Entries shown —

((

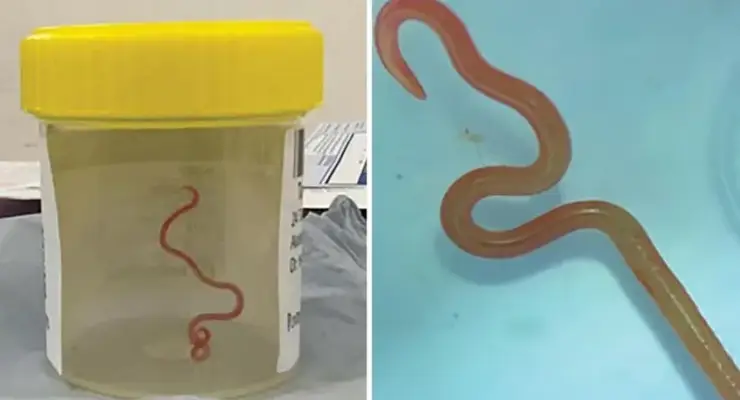 Ameliyat esnasında doktorlar, kadının beyninden 8 santimetre uzunluğunda ve 1 milimetre genişliğinde canlı solucan çıkardı.
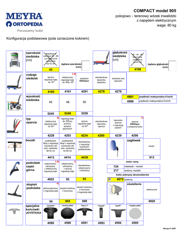 COMPACT model 905 pokojowo - terenowy wózek inwalidzki z napędem elektrycznym waga: 80 kg Konfiguracja podstawowa (pola oznaczone kolorem) szerokość siedziska [cm] regulacja w zakrasie 38 - 48 cm fabrycznie ustawiona na 43 cm 43 rodzaje siedzisk wysokość siedziska boczki 4108 ręczna regulacja kąta do 18 elektryczna regulacja kąta od -8 do 18 siedzisko ERGOpor standardowa tapicerka siedziska siedzisko bez tapicerki 4160 4161 4291 4278 4276 45 48 50 5248 5250 9) regulacja kąta żądana głębokość (cm): 4981 prędkość maksymalna 6 km/h 4986 prędkość maksymalna 8 km/h 2) elektryczna regulacja kąta do 30 do 30 przy pomocy sprężyn gazowych ręczna regulacja kąta do 30 standardowa tapicerka oparcia tapicerka oparcia z regulacją pasami oparcie ERGOpor z podporą karku 4228 4203 4234 4280 4239 4290 podłokietnik podłokietnik długi z regulacją długi z regulacją wysokości dla wysokości dla szer. siedziska szer. siedziska 43-48 cm 38-42 cm 4413 podnóżek część górna żądana szerokość (cm): 40 - 44 - 48 fabrycznie ustawiona na 44 cm 7,9) 5245 typ oparcia głębokość siedziska [cm] 4414 1,9) zdejmowany, odchylany, z elektryczną regulacją kąta zagłówek standardowy z regulacją wysokości podłokietnika średni 4438 913 1) zdejmowany, odchylany, z ręczną regulacją kąta kolor ramy standardowy, zdejmowany i odchylany 134 217 niebieski - morski srebrny metalik kolor pokrywy akumulatorów 4822 stopień podnózka specjalne końcówki 92 93 4075 4) jednoczęściowy stopień dzielony z regulacją kąta z tworzywa srebrny oświetlenie stopień dzielony z tworzywa z regulacją kąta elektryczne 54 805 808 4920 "grzybek" "twarda piłka" "litera T" "słupek" "guzik" "miękka piłka" 4589 4590 4591 4593 4594 4595 JOYSTICKA Wersja 01.2007 COMPACT model 905 pokojowo - terenowy wózek inwalidzki z napędem elektrycznym waga: 80 kg sterowanie rozmiar kół z regulacją długości i wysokości z regulacją długości, odchylane 4566 4655 elektronika VSI 4859 4860 4850 dla praworęcznych dla leworęcznych 1) nie z kodem 54 - jednoczęściowy stopień podnóżka 2) tylko z kodem 4291 (siedzenie ERGOpor) tworzy kompletne siedzisko typu ERGOpor 3) nie z kodem 4646 - stolik terapeutyczny 4) nie z kodem 4719 - pomoc do pokonywania krawężników 7) nie z kodem 5245 - wysokość siedziska 45 cm 9) tylko z kodem 4863 - moduł sterujący dodatkowego wyposażenia elektrycznego 10) tylko z kodem 4696 - akumulatory standardowe 11) moduł sterowania montowany seryjnie z tyłu podłokietnika tylko dla osoby towarzyszącej osoby towarzyszącej z wyłączeniem pierwszego 4766 4789 4900 4901 koła tylne napędowe, pompowane 12 1/2 x 2 1/4" koła tylne napędowe, pełne 12 1/2 x 2 1/4" koła przednie 8" pompowane koła przednie 8" pełne koła przednie 9" pełne koła przednie 9" pompowane 4356 4357 4326 4316 4332 4333 akumulatory i ładowarki 824 11) dodatkowe dla z regulacją długości z regulacją długości i wysokości, odchylane 10) 40 Ah żelowe 56 Ah żelowe ładowarka 24V / 6A ładowarka 24V / 8A dla akumulatorów 56Ah 4696 4721 4686 4697 poduszka siedzeniowa 4501 nadkola kół tylnych 4714 prędkościomierz 4565 licznik czasu pracy napędu 4719 pomoc do pokonywania krawężników 4596 lusterka wsteczne 4861 lusterko wsteczne lewe 4613 pas biodrowy z zapięciem 4862 lusterko wsteczne prawe 4616 uchwyt na kule i laski 4863 moduł sterujący dodatkowych opcji elektrycznych 4646 stolik terapeutyczny z plexi 4689 pas miednicowy zapinany na rzepy Zamawiający (Kommision): 3) grubość 6 cm tekstylna 1) Kod, miejscowość: Tel. kontaktowy: Ulica: Osoba zamawiająca: Uwagi Data Wersja 01.2007
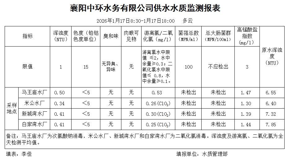 水质日报(2026年01月17日)
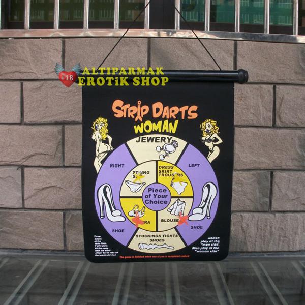 - Kadın ve erkek için 2 farklı yüzeyi bulunan ve manyetik dart oklarıyla aşk yaşamınıza eğlence taşıyacak olan Striptiz Dart Oyunu.
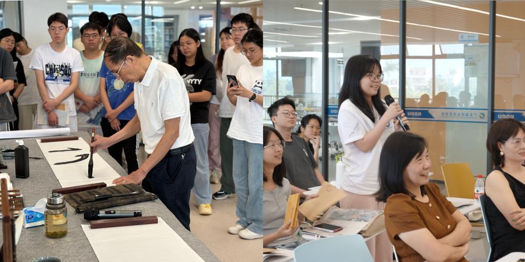 講座上,利慶偉以“生活視野下書法筆法探究”為主題,從音樂、美術、舞蹈、道德修養(yǎng)和教育等方面多維詮釋書法與日常生活的聯(lián)系,并講解了書法的八種筆法;示范環(huán)節(jié),利慶偉現場揮毫并指導師生書寫,細致解析并演示不同筆法的運筆技巧,大家圍案觀摩,踴躍提問,氛圍熱烈,墨香四溢。
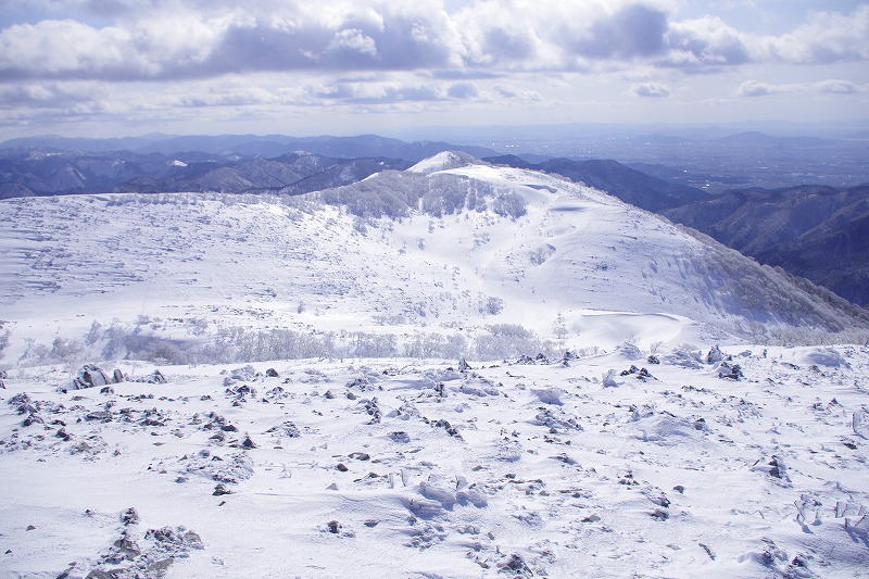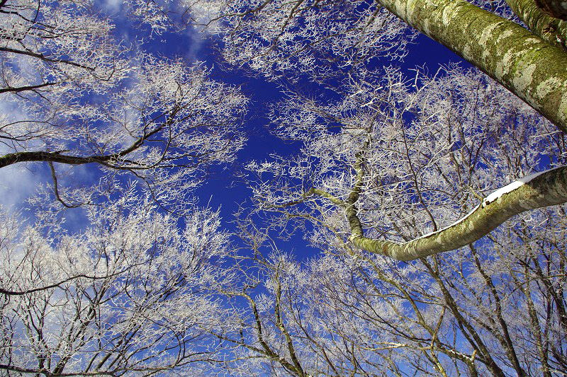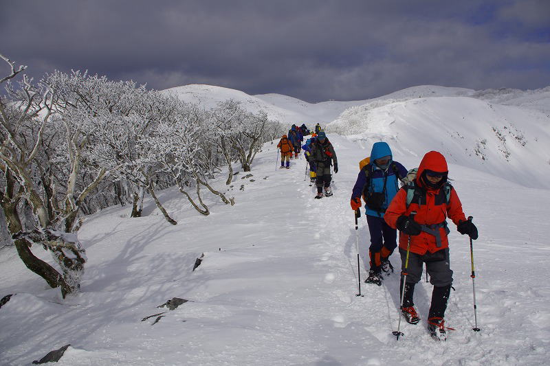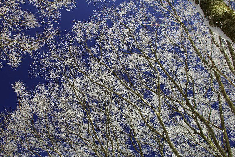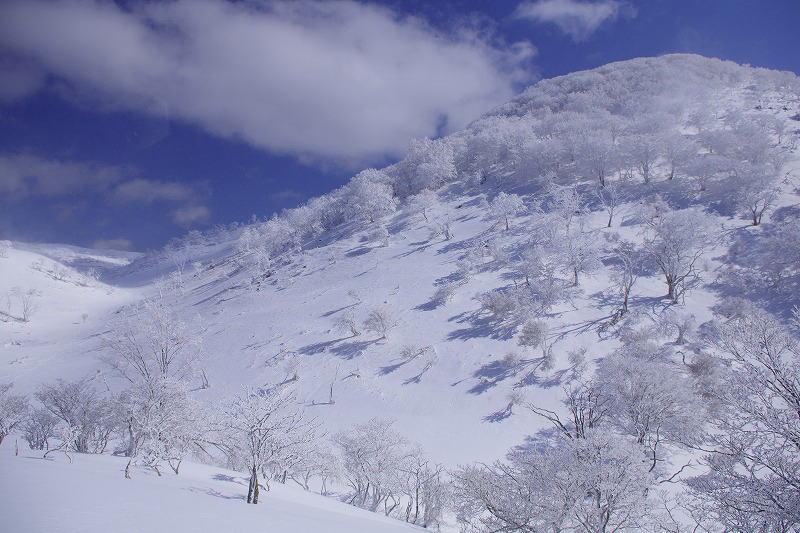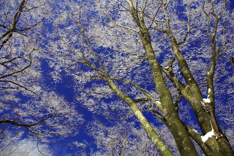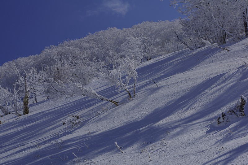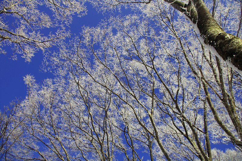 | 汗拭き峠を経て見晴らし台辺りより早くも霧氷の大歓迎 |
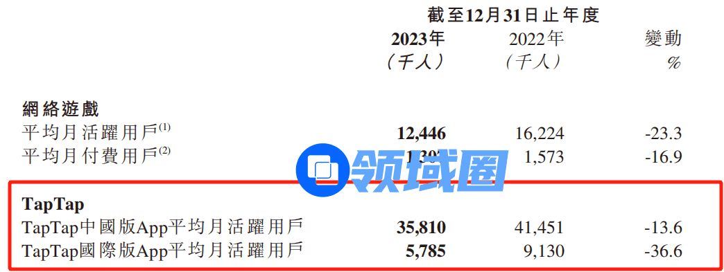 TapTap平台方面,中国版平均月活用户3581万人,同比减少13.6%,国际版月活578.5万人,同比减少36.6%。
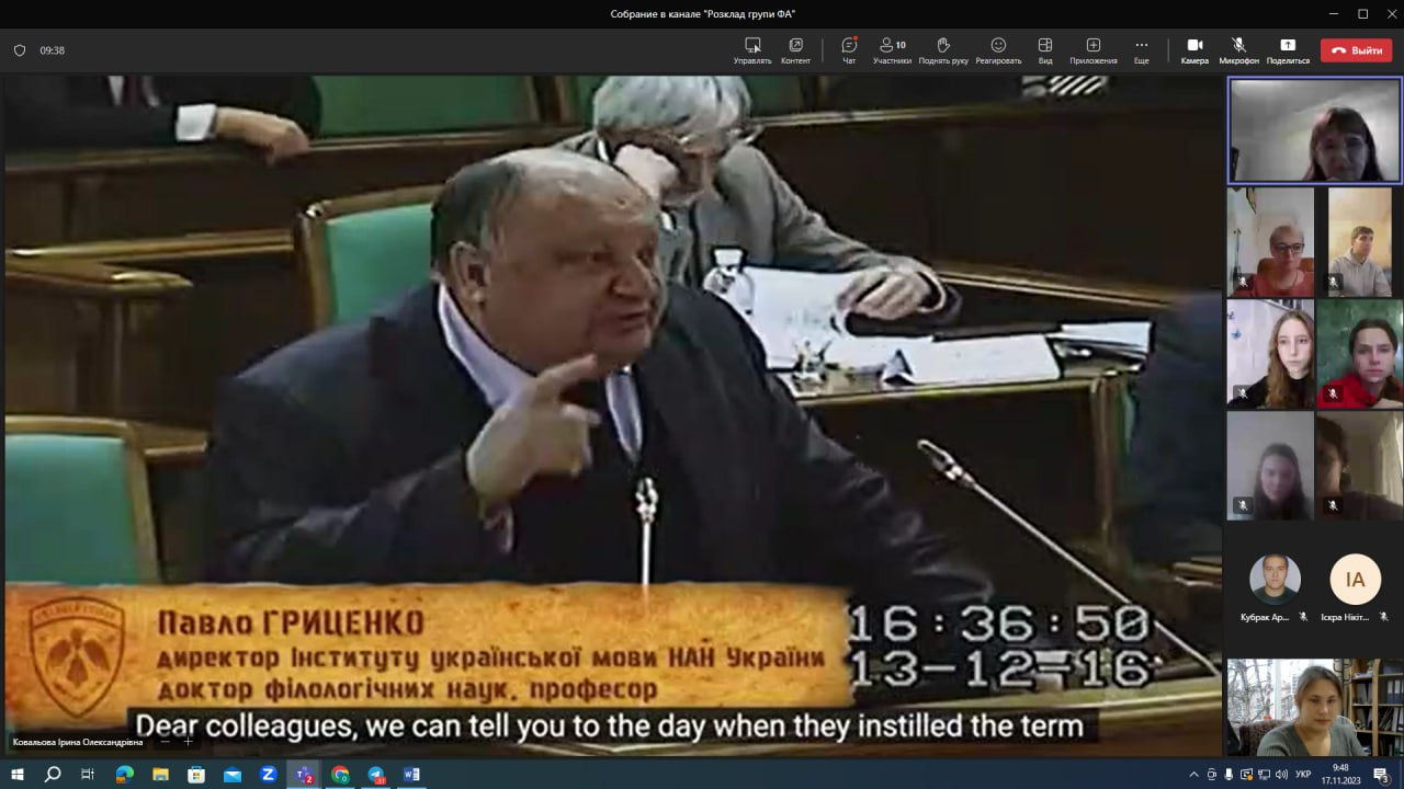 Фінальний день тижня філософії був багатий на події. Розпочався він з перегляду та обговорення документальної стрічки «Соловей співає. Доки голос має» (2019), яка є чи не найсильнішим фільмом про мову. Модерувала захід к.ф.н., доц. І.О. Ковальова. Долучилися до перегляду й обговорення фільму здобувачі вищої освіти спеціальності «Філософія» та викладачі кафедри філософії і суспільних наук.
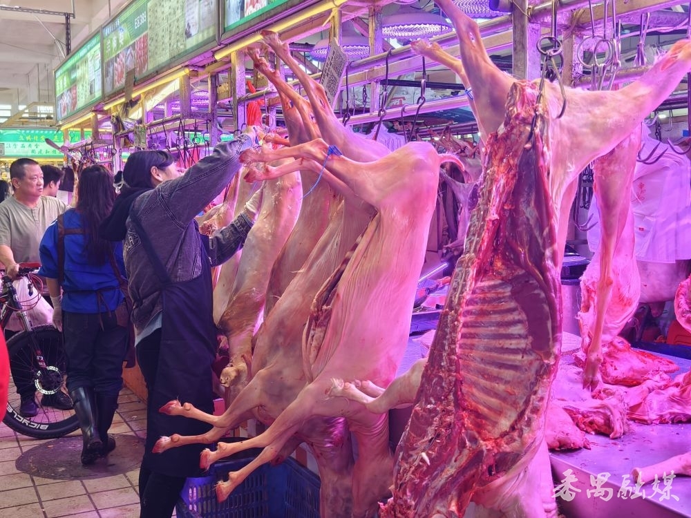 当天上午9时多,记者来到清河综合市场E区,这里有10多个羊肉档依次排开营业,每个档口都挂着好几头开了膛的羊肉,有的档口把分割好的羊排、羊腿、羊腩摆在案板上。有的档口前站着三四位街坊,一边打听价格,一边挑选自己看中的羊肉。档主们手起刀落,“哐哐”的剁肉声此起彼伏。无论是白山羊还是黑山羊的肉,都受街坊的追捧,有的街坊一次性买300多元的羊肉,买得少的也买了30多元的羊肉。

))

Task item — Set down the records in full and exactly. Do not carry over any image.

Written answer —
 Ameliyat esnasında doktorlar, kadının beyninden 8 santimetre uzunluğunda ve 1 milimetre genişliğinde canlı solucan çıkardı.
 COMPACT model 905 pokojowo - terenowy wózek inwalidzki z napędem elektrycznym waga: 80 kg Konfiguracja podstawowa (pola oznaczone kolorem) szerokość siedziska [cm] regulacja w zakrasie 38 - 48 cm fabrycznie ustawiona na 43 cm 43 rodzaje siedzisk wysokość siedziska boczki 4108 ręczna regulacja kąta do 18 elektryczna regulacja kąta od -8 do 18 siedzisko ERGOpor standardowa tapicerka siedziska siedzisko bez tapicerki 4160 4161 4291 4278 4276 45 48 50 5248 5250 9) regulacja kąta żądana głębokość (cm): 4981 prędkość maksymalna 6 km/h 4986 prędkość maksymalna 8 km/h 2) elektryczna regulacja kąta do 30 do 30 przy pomocy sprężyn gazowych ręczna regulacja kąta do 30 standardowa tapicerka oparcia tapicerka oparcia z regulacją pasami oparcie ERGOpor z podporą karku 4228 4203 4234 4280 4239 4290 podłokietnik podłokietnik długi z regulacją długi z regulacją wysokości dla wysokości dla szer. siedziska szer. siedziska 43-48 cm 38-42 cm 4413 podnóżek część górna żądana szerokość (cm): 40 - 44 - 48 fabrycznie ustawiona na 44 cm 7,9) 5245 typ oparcia głębokość siedziska [cm] 4414 1,9) zdejmowany, odchylany, z elektryczną regulacją kąta zagłówek standardowy z regulacją wysokości podłokietnika średni 4438 913 1) zdejmowany, odchylany, z ręczną regulacją kąta kolor ramy standardowy, zdejmowany i odchylany 134 217 niebieski - morski srebrny metalik kolor pokrywy akumulatorów 4822 stopień podnózka specjalne końcówki 92 93 4075 4) jednoczęściowy stopień dzielony z regulacją kąta z tworzywa srebrny oświetlenie stopień dzielony z tworzywa z regulacją kąta elektryczne 54 805 808 4920 "grzybek" "twarda piłka" "litera T" "słupek" "guzik" "miękka piłka" 4589 4590 4591 4593 4594 4595 JOYSTICKA Wersja 01.2007 COMPACT model 905 pokojowo - terenowy wózek inwalidzki z napędem elektrycznym waga: 80 kg sterowanie rozmiar kół z regulacją długości i wysokości z regulacją długości, odchylane 4566 4655 elektronika VSI 4859 4860 4850 dla praworęcznych dla leworęcznych 1) nie z kodem 54 - jednoczęściowy stopień podnóżka 2) tylko z kodem 4291 (siedzenie ERGOpor) tworzy kompletne siedzisko typu ERGOpor 3) nie z kodem 4646 - stolik terapeutyczny 4) nie z kodem 4719 - pomoc do pokonywania krawężników 7) nie z kodem 5245 - wysokość siedziska 45 cm 9) tylko z kodem 4863 - moduł sterujący dodatkowego wyposażenia elektrycznego 10) tylko z kodem 4696 - akumulatory standardowe 11) moduł sterowania montowany seryjnie z tyłu podłokietnika tylko dla osoby towarzyszącej osoby towarzyszącej z wyłączeniem pierwszego 4766 4789 4900 4901 koła tylne napędowe, pompowane 12 1/2 x 2 1/4" koła tylne napędowe, pełne 12 1/2 x 2 1/4" koła przednie 8" pompowane koła przednie 8" pełne koła przednie 9" pełne koła przednie 9" pompowane 4356 4357 4326 4316 4332 4333 akumulatory i ładowarki 824 11) dodatkowe dla z regulacją długości z regulacją długości i wysokości, odchylane 10) 40 Ah żelowe 56 Ah żelowe ładowarka 24V / 6A ładowarka 24V / 8A dla akumulatorów 56Ah 4696 4721 4686 4697 poduszka siedzeniowa 4501 nadkola kół tylnych 4714 prędkościomierz 4565 licznik czasu pracy napędu 4719 pomoc do pokonywania krawężników 4596 lusterka wsteczne 4861 lusterko wsteczne lewe 4613 pas biodrowy z zapięciem 4862 lusterko wsteczne prawe 4616 uchwyt na kule i laski 4863 moduł sterujący dodatkowych opcji elektrycznych 4646 stolik terapeutyczny z plexi 4689 pas miednicowy zapinany na rzepy Zamawiający (Kommision): 3) grubość 6 cm tekstylna 1) Kod, miejscowość: Tel. kontaktowy: Ulica: Osoba zamawiająca: Uwagi Data Wersja 01.2007
 水质日报(2026年01月17日)
 - Kadın ve erkek için 2 farklı yüzeyi bulunan ve manyetik dart oklarıyla aşk yaşamınıza eğlence taşıyacak olan Striptiz Dart Oyunu.
 講座上,利慶偉以“生活視野下書法筆法探究”為主題,從音樂、美術、舞蹈、道德修養(yǎng)和教育等方面多維詮釋書法與日常生活的聯(lián)系,并講解了書法的八種筆法;示范環(huán)節(jié),利慶偉現場揮毫并指導師生書寫,細致解析并演示不同筆法的運筆技巧,大家圍案觀摩,踴躍提問,氛圍熱烈,墨香四溢。
 | 汗拭き峠を経て見晴らし台辺りより早くも霧氷の大歓迎 |
 TapTap平台方面,中国版平均月活用户3581万人,同比减少13.6%,国际版月活578.5万人,同比减少36.6%。
 Фінальний день тижня філософії був багатий на події. Розпочався він з перегляду та обговорення документальної стрічки «Соловей співає. Доки голос має» (2019), яка є чи не найсильнішим фільмом про мову. Модерувала захід к.ф.н., доц. І.О. Ковальова. Долучилися до перегляду й обговорення фільму здобувачі вищої освіти спеціальності «Філософія» та викладачі кафедри філософії і суспільних наук.
 当天上午9时多,记者来到清河综合市场E区,这里有10多个羊肉档依次排开营业,每个档口都挂着好几头开了膛的羊肉,有的档口把分割好的羊排、羊腿、羊腩摆在案板上。有的档口前站着三四位街坊,一边打听价格,一边挑选自己看中的羊肉。档主们手起刀落,“哐哐”的剁肉声此起彼伏。无论是白山羊还是黑山羊的肉,都受街坊的追捧,有的街坊一次性买300多元的羊肉,买得少的也买了30多元的羊肉。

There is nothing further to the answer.